We, a collaborative team of machine learning scientists and ecologists entrusted with the management of biodiversity resources, are leveraging the power of interactive machine learning to drive impactful conservation strategies. Our endeavor will be published at the prestigious International Joint Conference on Artificial Intelligence (IJCAI).
The alarming acceleration of biodiversity loss demands innovative solutions and urgent action. At the forefront of this battle, biosphere reserves have emerged as crucial sites of global significance, harboring rich biodiversity and offering sustainable development opportunities. The management of biosphere reserves demands adaptive strategies that address the ongoing threats to biodiversity. However, the lack of comprehensive information on the status and trends of wildlife populations hinders effective decision-making. To bridge this knowledge gap, the research team delved into the realm of Passive Acoustic Monitoring (PAM).

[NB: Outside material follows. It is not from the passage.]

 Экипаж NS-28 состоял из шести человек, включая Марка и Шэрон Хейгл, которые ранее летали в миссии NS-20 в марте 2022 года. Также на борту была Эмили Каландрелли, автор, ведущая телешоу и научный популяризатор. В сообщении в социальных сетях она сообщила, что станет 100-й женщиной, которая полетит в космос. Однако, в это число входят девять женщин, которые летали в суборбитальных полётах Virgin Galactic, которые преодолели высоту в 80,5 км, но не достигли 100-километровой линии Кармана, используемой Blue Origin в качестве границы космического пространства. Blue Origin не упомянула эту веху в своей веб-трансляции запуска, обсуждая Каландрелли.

Passive Acoustic Monitoring, a scalable and reproducible method for wildlife monitoring, has emerged as a promising avenue for closing the information gap in biodiversity conservation. By leveraging sound recordings, PAM enables continuous, non-invasive monitoring of animal wildlife across diverse ecosystems. Yet, the adoption of PAM has been hindered by challenges in data management and analysis, limiting its broader implementation by agencies with a mandate for biodiversity management. Recognizing the need for automation and streamlined analysis, our interdisciplinary team is developping state-of-the-art interactive machine learning tools tailored specifically for PAM data.

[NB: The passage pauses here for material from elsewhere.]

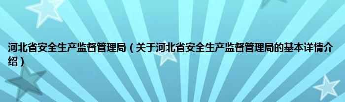 本文关于河北省安全生产监督管理局的基本详情介绍就讲解完毕,希望对大家有所帮助。

Our upcoming article, to be featured in the AI and Social Good section of the IJCAI conference proceedings, showcases research integrating advanced techniques like active learning and transfer learning. These techniques enable domain experts to enhance their work, a valuable and limited resource, by utilizing existing knowledge from databases to address specific and potentially novel scenarios encountered in different biosphere reserves. Complementing these advancements, our tools incorporate intuitive data visualization and intelligent user interfaces, enhancing the system’s usability and accessibility. This holistic approach equips conservation agencies with the necessary means to make data-driven decisions and drive effective conservation strategies.

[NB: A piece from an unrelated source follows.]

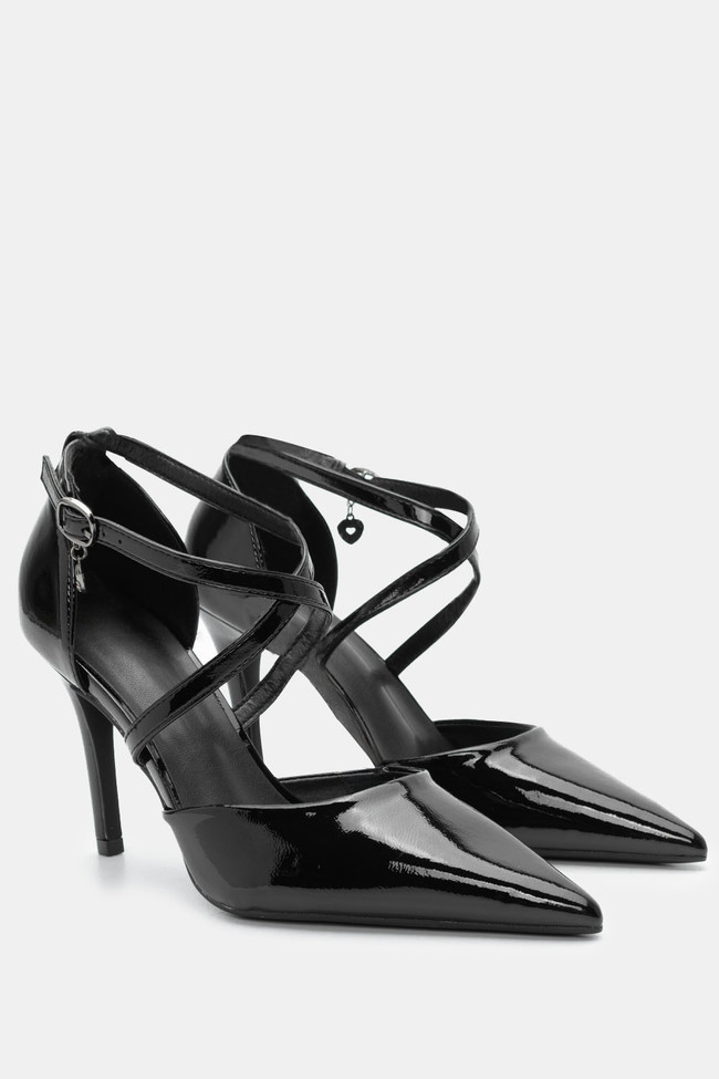 Γόβες Λουστρίνι Μυτερές με Χιαστί Λουράκια

H. Kath, T. S. Gouvêa, and D. Sonntag, ‘A Human-in-the-Loop Tool for Annotating Passive Acoustic Monitoring Datasets’, in Proceedings of the Thirty-Second International Joint Conference on Artificial Intelligence, Macau, SAR China: International Joint Conferences on Artificial Intelligence Organization, Aug. 2023, pp. 7140–7144. doi: 10.24963/ijcai.2023/835.
T. S. Gouvêa et al., ‘Interactive Machine Learning Solutions for Acoustic Monitoring of Animal Wildlife in Biosphere Reserves’, in Proceedings of the Thirty-Second International Joint Conference on Artificial Intelligence, Macau, SAR China: International Joint Conferences on Artificial Intelligence Organization, Aug. 2023, pp. 6405–6413. doi: 10.24963/ijcai.2023/711.